[v8,00/12] user_events: Enable user processes to create and write to trace events

Message ID	20211216173511.10390-1-beaub@linux.microsoft.com (mailing list archive)
Headers	show Return-Path: <linux-trace-devel-owner@kernel.org> From: Beau Belgrave <beaub@linux.microsoft.com> To: rostedt@goodmis.org, mhiramat@kernel.org Cc: linux-trace-devel@vger.kernel.org, linux-kernel@vger.kernel.org, beaub@linux.microsoft.com Subject: [PATCH v8 00/12] user_events: Enable user processes to create and write to trace events Date: Thu, 16 Dec 2021 09:34:59 -0800 Message-Id: <20211216173511.10390-1-beaub@linux.microsoft.com> Precedence: bulk
Series	user_events: Enable user processes to create and write to trace events \| expand [v8,00/12] user_events: Enable user processes to create and write to trace events [v8,01/12] user_events: Add minimal support for trace_event into ftrace [v8,02/12] user_events: Add print_fmt generation support for basic types [v8,03/12] user_events: Handle matching arguments from dyn_events [v8,04/12] user_events: Add basic perf and eBPF support [v8,05/12] user_events: Add self-test for ftrace integration [v8,06/12] user_events: Add self-test for dynamic_events integration [v8,07/12] user_events: Add self-test for perf_event integration [v8,08/12] user_events: Optimize writing events by only copying data once [v8,09/12] user_events: Add documentation file [v8,10/12] user_events: Add sample code for typical usage [v8,11/12] user_events: Validate user payloads for size and null termination [v8,12/12] user_events: Add self-test for validator boundaries

Message ID

20211216173511.10390-1-beaub@linux.microsoft.com (mailing list archive)

Headers

From: Beau Belgrave <beaub@linux.microsoft.com>
To: rostedt@goodmis.org, mhiramat@kernel.org
Cc: linux-trace-devel@vger.kernel.org, linux-kernel@vger.kernel.org,
        beaub@linux.microsoft.com
Subject: [PATCH v8 00/12] user_events: Enable user processes to create and
 write to trace events
Date: Thu, 16 Dec 2021 09:34:59 -0800
Message-Id: <20211216173511.10390-1-beaub@linux.microsoft.com>
Precedence: bulk

Series

user_events: Enable user processes to create and write to trace events | expand

Message

Beau Belgrave Dec. 16, 2021, 5:34 p.m. UTC

User mode processes that wish to use trace events to get data into
ftrace, perf, eBPF, etc are limited to uprobes today. The user events
features enables an ABI for user mode processes to create and write to
trace events that are isolated from kernel level trace events. This
enables a faster path for tracing from user mode data as well as opens
managed code to participate in trace events, where stub locations are
dynamic.

User processes often want to trace only when it's useful. To enable this
a set of pages are mapped into the user process space that indicate the
current state of the user events that have been registered. User
processes can check if their event is hooked to a trace/probe, and if it
is, emit the event data out via the write() syscall.

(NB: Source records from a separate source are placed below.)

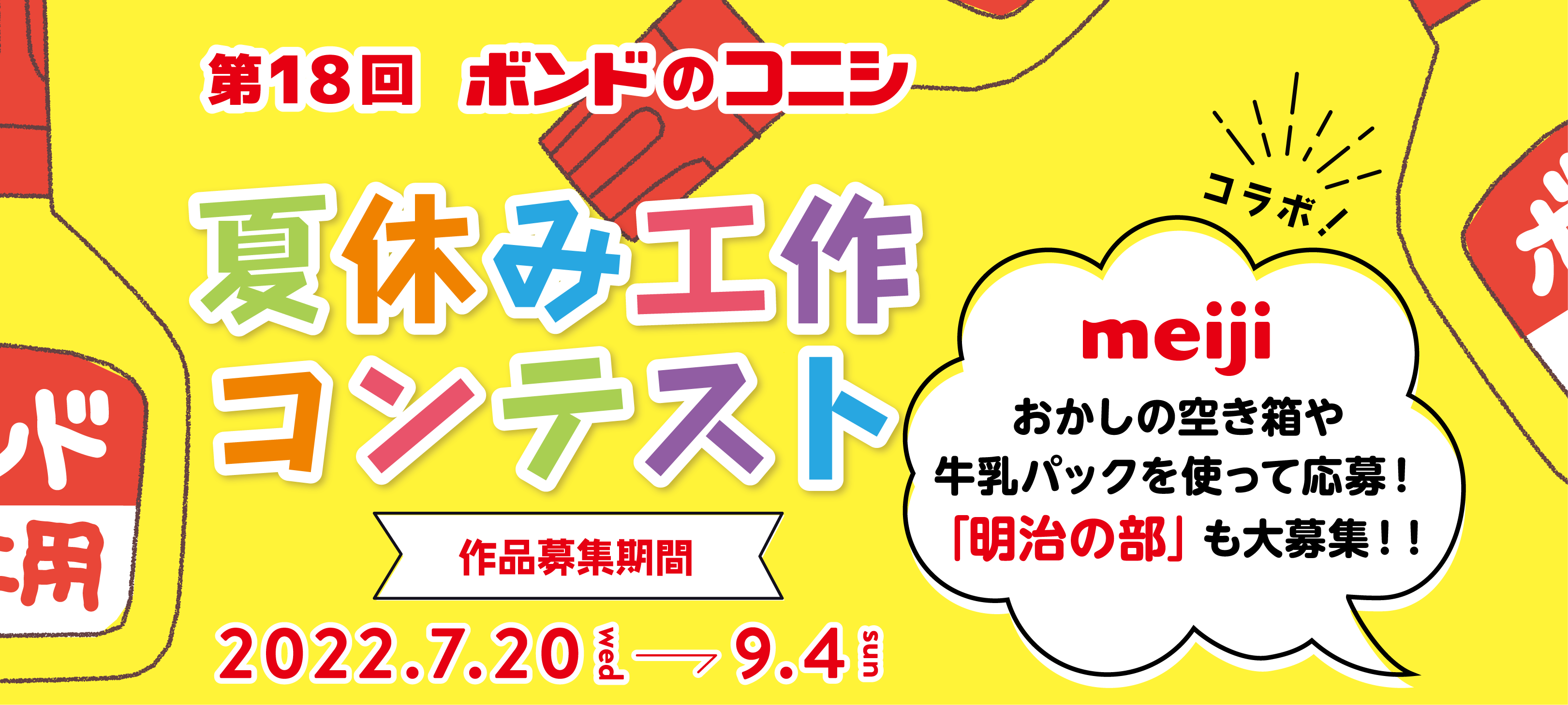第18回となる今年は、スペシャル企画として食品メーカー『株式会社 明治』とのコラボ部門となる「明治の部」を設け、明治製品の空き箱や空き容器とコニシの「ボンド」を使った工作も大募集します。お子様が大好きなチョコレートなどのお菓子やアイスの箱、牛乳パックやヨーグルトの容器などで、自由自在に工作を楽しんでください!
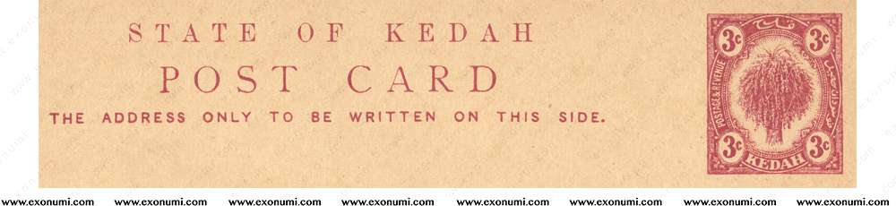 Sultanate of Kedah - Postcard: Sheaf of Rice 3¢ (1912)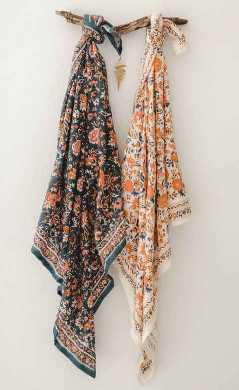 L'iconique sarong ANOKHI en voile de coton tissé main, à utiliser comme écharpe, paréo ou à admirer en nappe et rideau.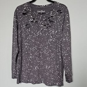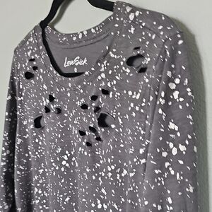 Elevate your casual wardrobe with the Lovesick Gray Graphic Long sleeve tee, featuring unique cut-out details and a bold graphic design. This long-sleeve top offers a comfortable fit, perfect for everyday wear. The artistic elements add a touch of flair to your style. Great for casual wear. Does stretch. Good condition. Silver details. Very comfortable. Casual, weekend, grunge, goth, punk, lounge, curvy, plus, neutral.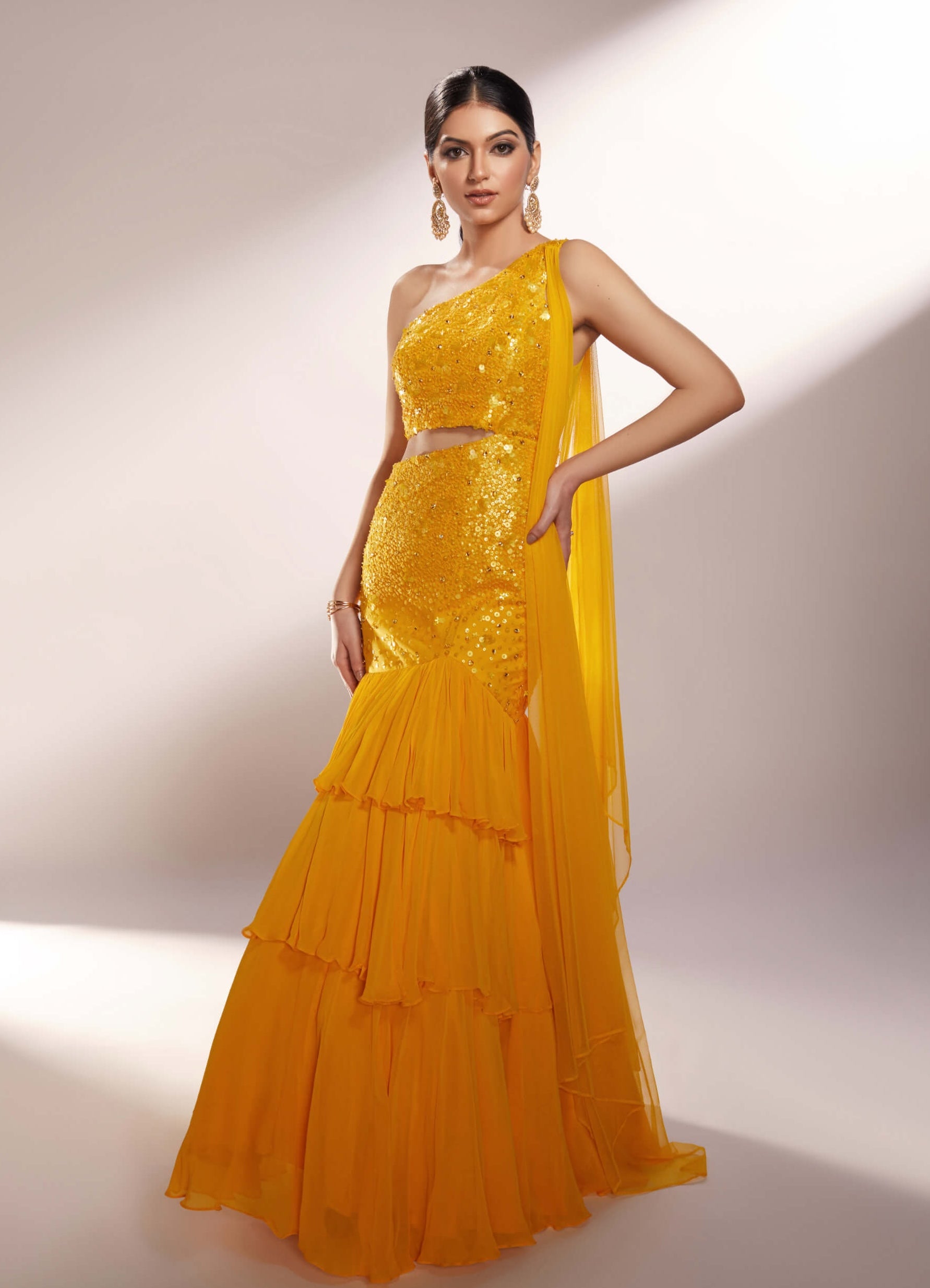 Discover the captivating allure of our one-shoulder gown in vibrant chrome yellow designed to make a bold fashion statement. This stunning piece features an exquisite tone-on-tone gradient embroidery meticulously crafted with sequins and crystal stones to catch the light with every movement. The innovative one-side waist cut adds a contemporary edge while the layered georgette hem flows gracefully creating a dramatic yet elegant silhouette. Perfect for those who seek to stand out this gown embodies a seamless fusion of modern sophistication and classic glamour.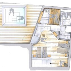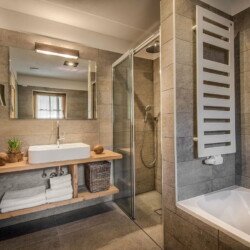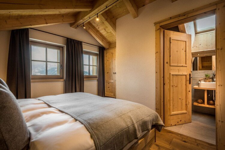 The chalet sleeps up to 15 guests in seven en-suite bedrooms. The master suite has a spacious seating area leading onto a balcony. There is a triple bedroom with a double bed and a single bed, ideal as a family suite. A further bedroom can be used as a twin or double.

Two new files are introduced into tracefs to accomplish this:
user_events_status - This file is mmap'd into participating user mode
processes to indicate event status.

user_events_data - This file is opened and register/delete ioctl's are
issued to create/open/delete trace events that can be used for tracing.

The typical scenario is on process start to mmap user_events_status. Processes
then register the events they plan to use via the REG ioctl. The ioctl reads
and updates the passed in user_reg struct. The status_index of the struct is
used to know the byte in the status page to check for that event. The
write_index of the struct is used to describe that event when writing out to
the fd that was used for the ioctl call. The data must always include this
index first when writing out data for an event. Data can be written either by
write() or by writev().

For example, in memory:
int index;
char data[];

Psuedo code example of typical usage:
struct user_reg reg;

int page_fd = open("user_events_status", O_RDWR);
char *page_data = mmap(NULL, PAGE_SIZE, PROT_READ, MAP_SHARED, page_fd, 0);
close(page_fd);

int data_fd = open("user_events_data", O_RDWR);

reg.size = sizeof(reg);
reg.name_args = (__u64)"test";

ioctl(data_fd, DIAG_IOCSREG, &reg);
int status_id = reg.status_index;
int write_id = reg.write_index;

struct iovec io[2];
io[0].iov_base = &write_id;
io[0].iov_len = sizeof(write_id);
io[1].iov_base = payload;
io[1].iov_len = sizeof(payload);

if (page_data[status_id])
	writev(data_fd, io, 2);

User events are also exposed via the dynamic_events tracefs file for
both create and delete. Current status is exposed via the user_events_status
tracefs file.

Simple example to register a user event via dynamic_events:
	echo u:test >> dynamic_events
	cat dynamic_events
	u:test

If an event is hooked to a probe, the probe hooked shows up:
	echo 1 > events/user_events/test/enable
	cat user_events_status
	1:test # Used by ftrace

	Active: 1
	Busy: 1
	Max: 4096

If an event is not hooked to a probe, no probe status shows up:
	echo 0 > events/user_events/test/enable
	cat user_events_status
	1:test

	Active: 1
	Busy: 0
	Max: 4096

Users can describe the trace event format via the following format:
	name[:FLAG1[,FLAG2...] [field1[;field2...]]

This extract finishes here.